## Task goal
Below are records with pictures in them. Output exactly the lines from the one with "Clear CZ Gem" through the one with "Deense hoge boekenkast", both included, and leave every picture out; give only those lines.

## Information given
###

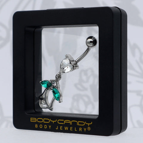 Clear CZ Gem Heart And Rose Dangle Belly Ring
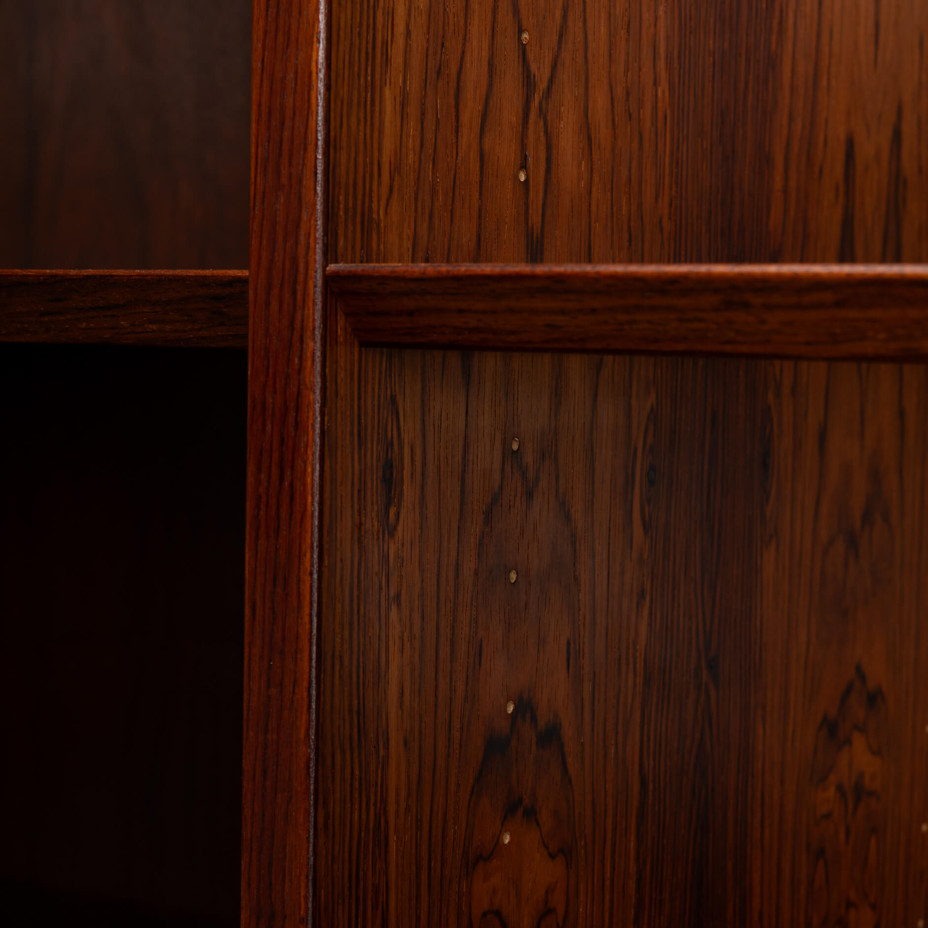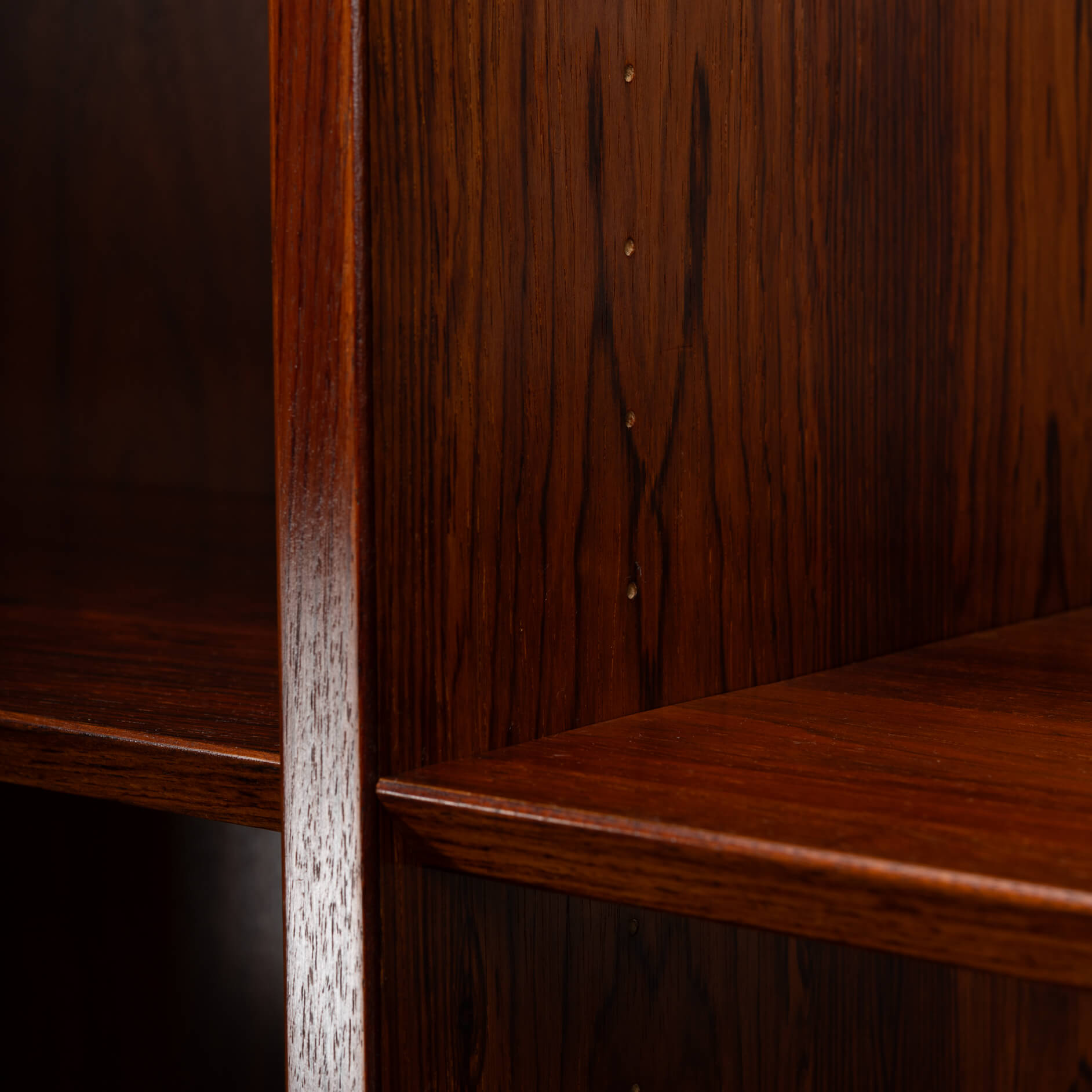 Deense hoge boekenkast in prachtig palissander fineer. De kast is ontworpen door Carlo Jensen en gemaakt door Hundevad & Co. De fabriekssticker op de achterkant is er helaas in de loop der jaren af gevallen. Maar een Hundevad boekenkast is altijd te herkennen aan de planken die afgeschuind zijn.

###

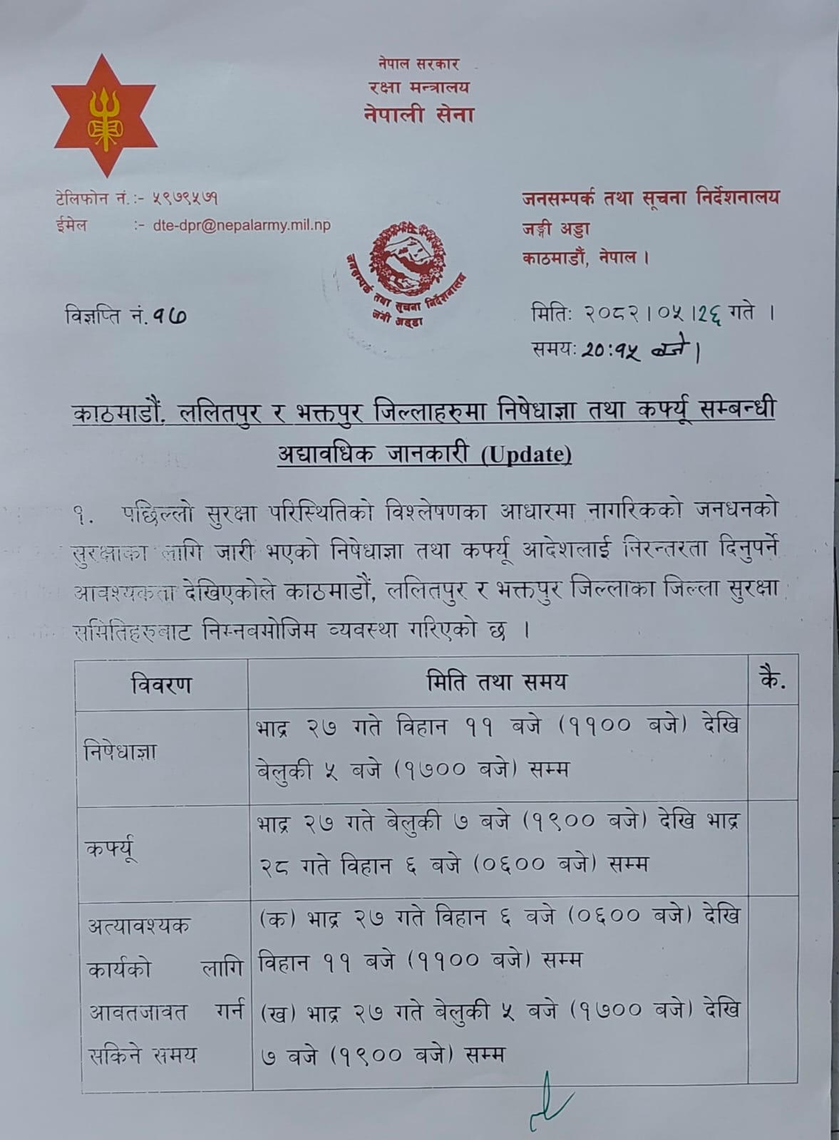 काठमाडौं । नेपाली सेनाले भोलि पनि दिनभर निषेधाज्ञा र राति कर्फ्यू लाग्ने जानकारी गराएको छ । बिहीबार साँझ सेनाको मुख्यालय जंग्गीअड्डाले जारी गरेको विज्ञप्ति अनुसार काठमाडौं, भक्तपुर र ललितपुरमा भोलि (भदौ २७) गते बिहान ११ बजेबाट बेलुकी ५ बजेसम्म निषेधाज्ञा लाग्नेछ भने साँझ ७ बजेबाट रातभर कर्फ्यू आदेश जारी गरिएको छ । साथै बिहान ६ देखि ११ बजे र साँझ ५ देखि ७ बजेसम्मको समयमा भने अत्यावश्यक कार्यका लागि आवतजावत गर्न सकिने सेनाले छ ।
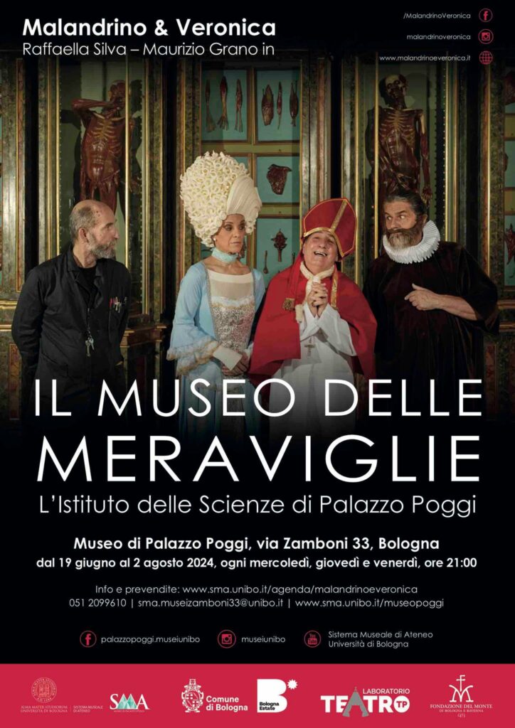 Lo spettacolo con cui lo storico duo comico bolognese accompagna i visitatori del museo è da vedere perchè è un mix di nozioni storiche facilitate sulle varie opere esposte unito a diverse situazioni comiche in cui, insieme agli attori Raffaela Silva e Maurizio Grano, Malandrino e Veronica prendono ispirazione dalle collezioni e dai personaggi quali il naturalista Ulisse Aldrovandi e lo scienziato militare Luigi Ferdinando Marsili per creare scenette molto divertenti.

###

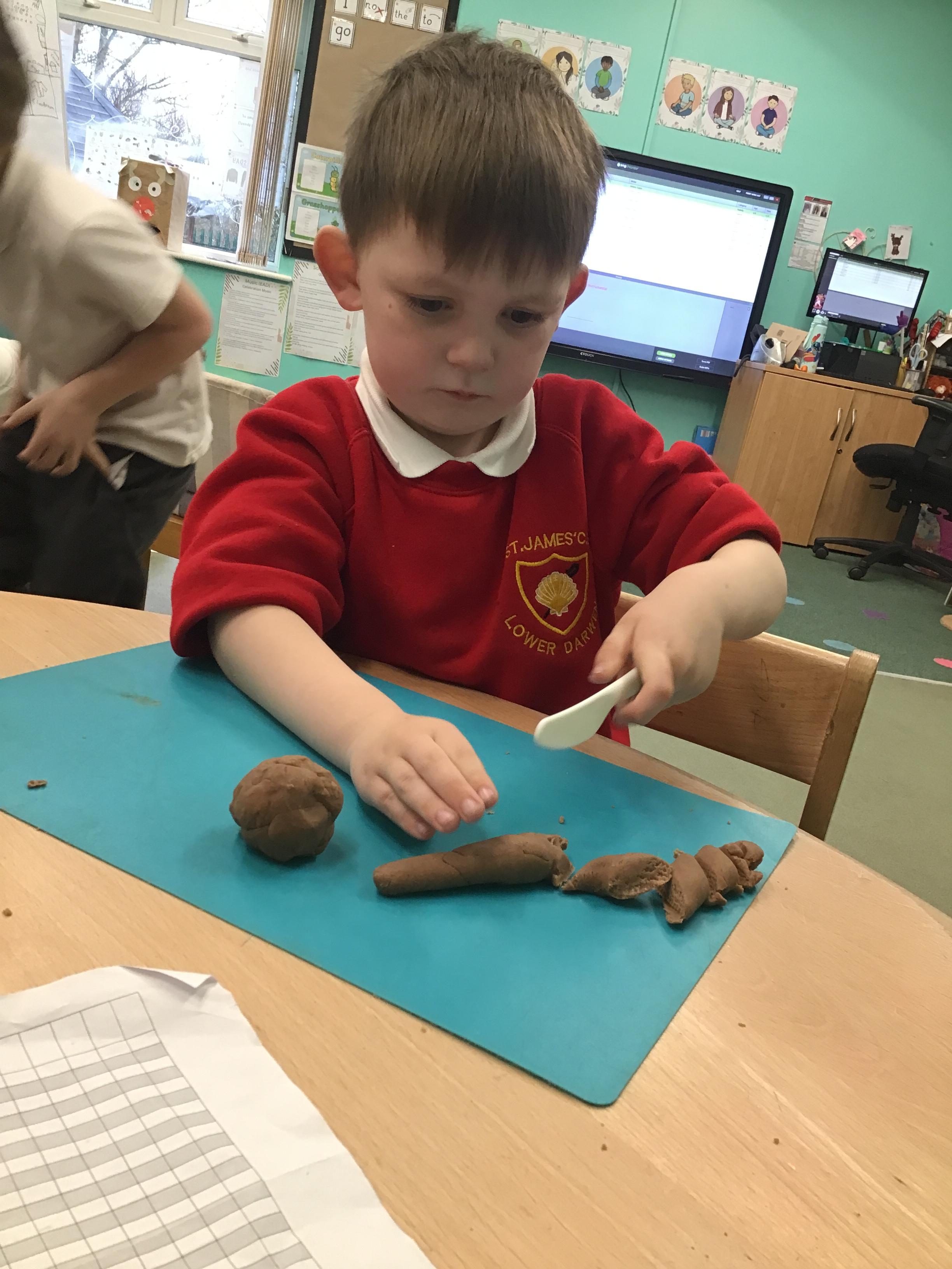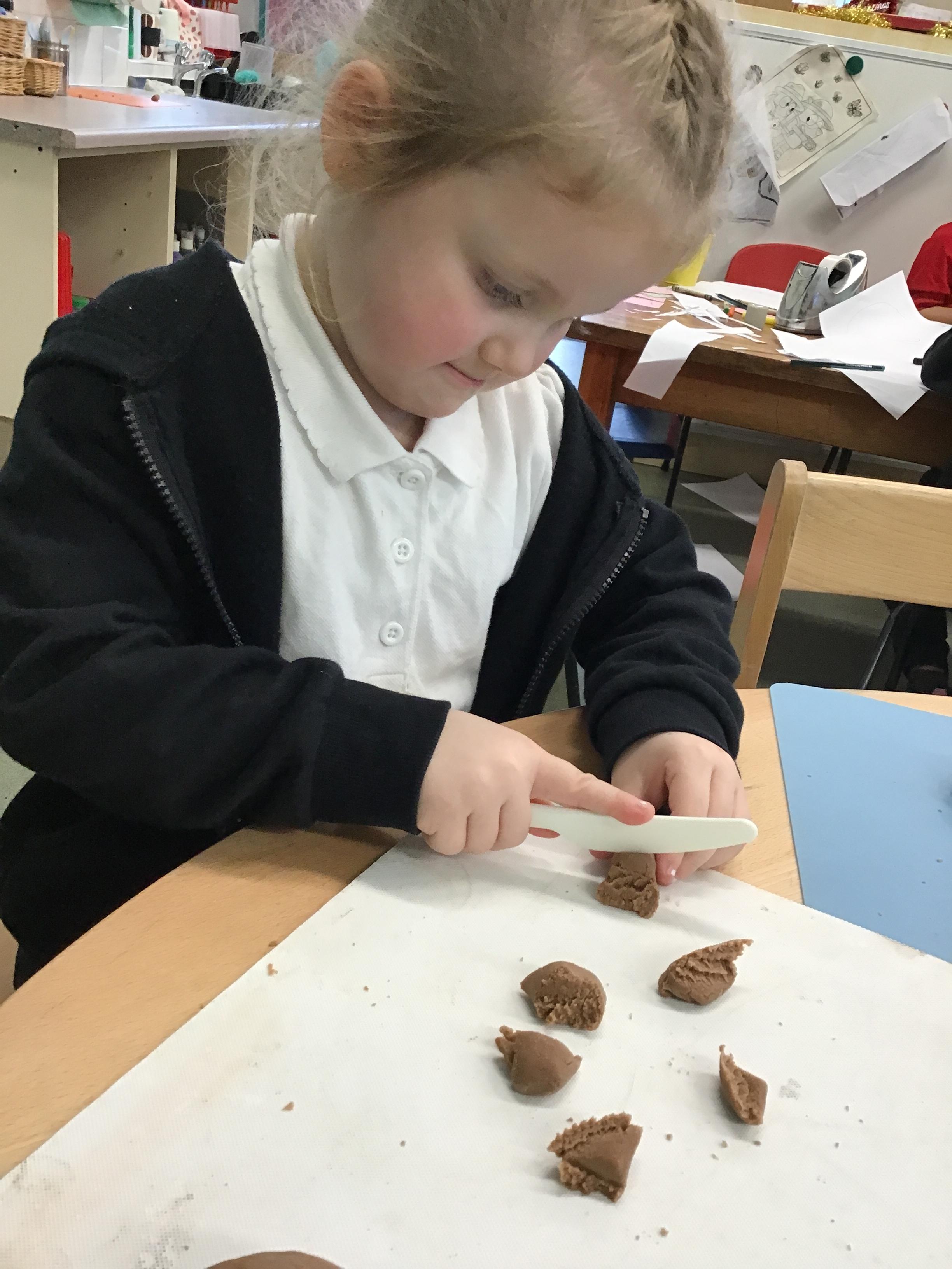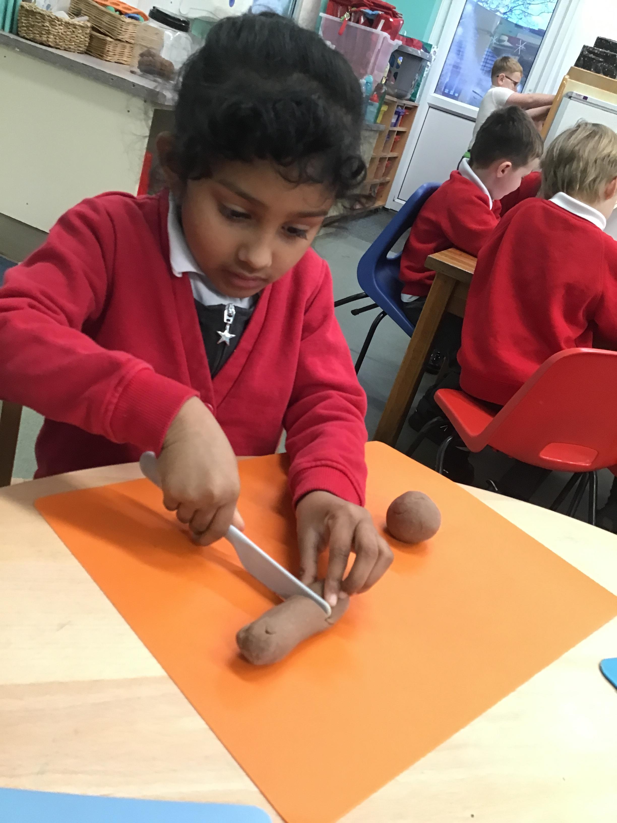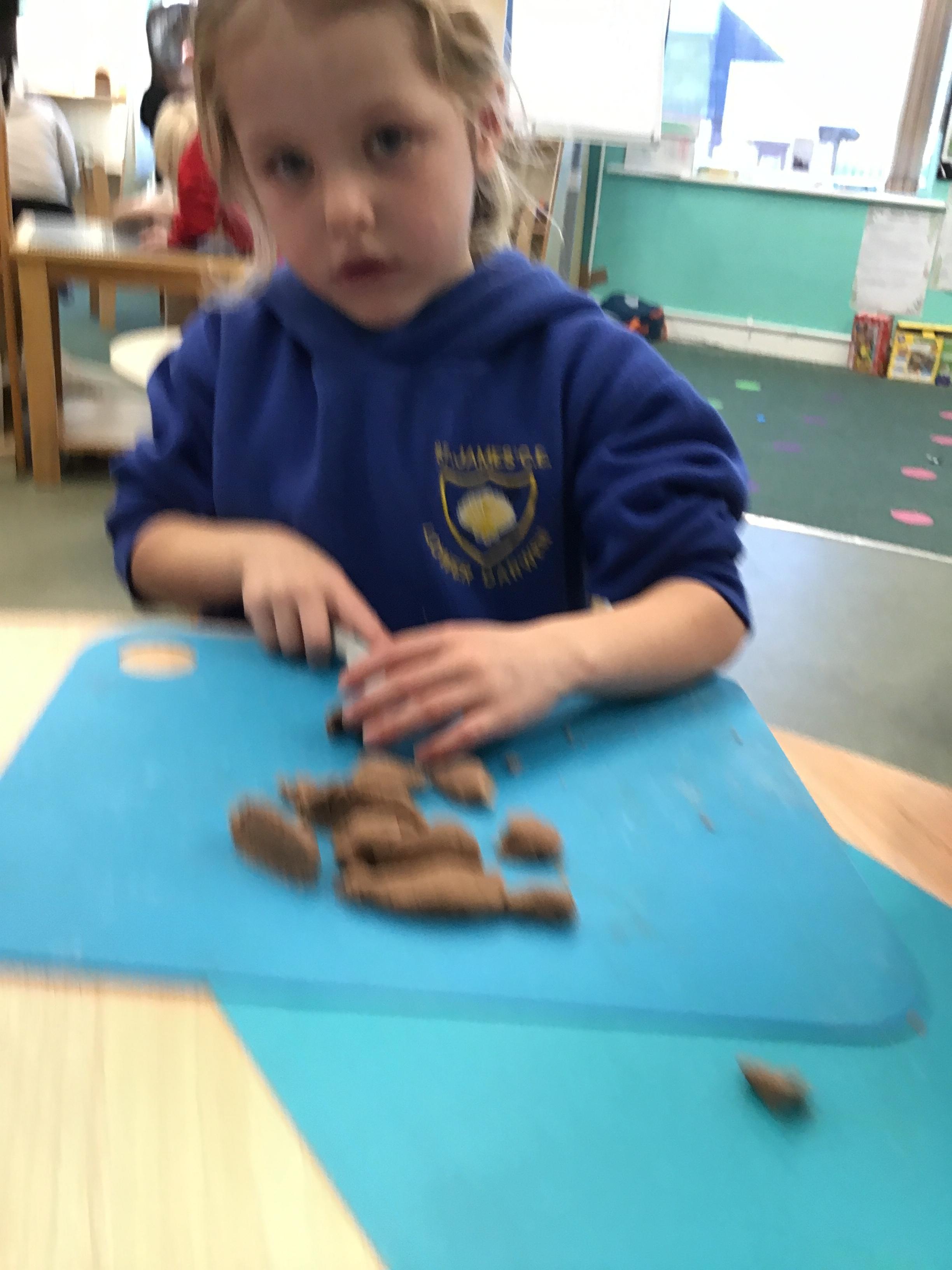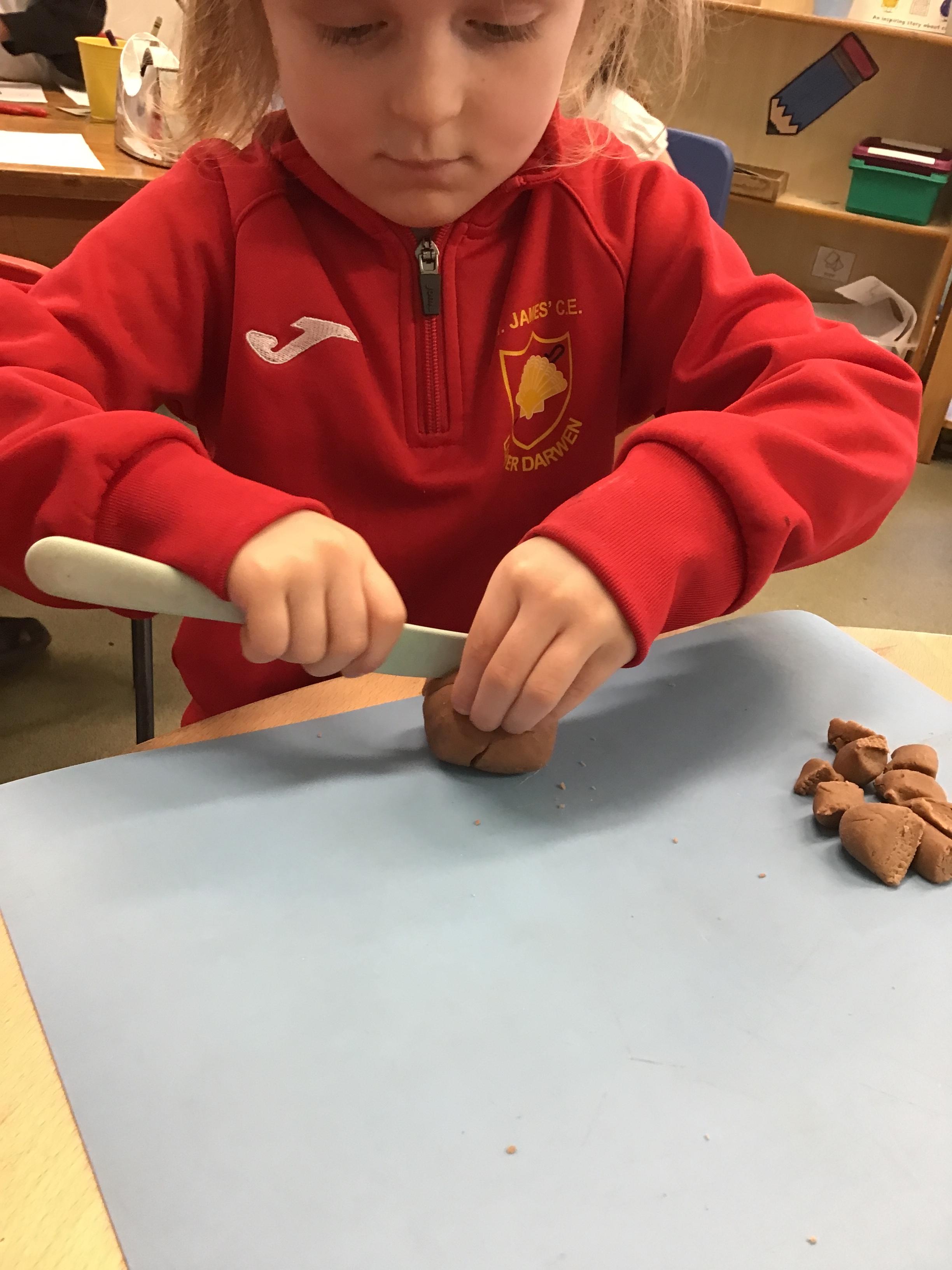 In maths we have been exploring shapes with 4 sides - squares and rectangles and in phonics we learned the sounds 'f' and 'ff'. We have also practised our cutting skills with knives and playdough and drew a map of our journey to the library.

###

## Exercise solution
 Clear CZ Gem Heart And Rose Dangle Belly Ring
 Deense hoge boekenkast in prachtig palissander fineer. De kast is ontworpen door Carlo Jensen en gemaakt door Hundevad & Co. De fabriekssticker op de achterkant is er helaas in de loop der jaren af gevallen. Maar een Hundevad boekenkast is altijd te herkennen aan de planken die afgeschuind zijn.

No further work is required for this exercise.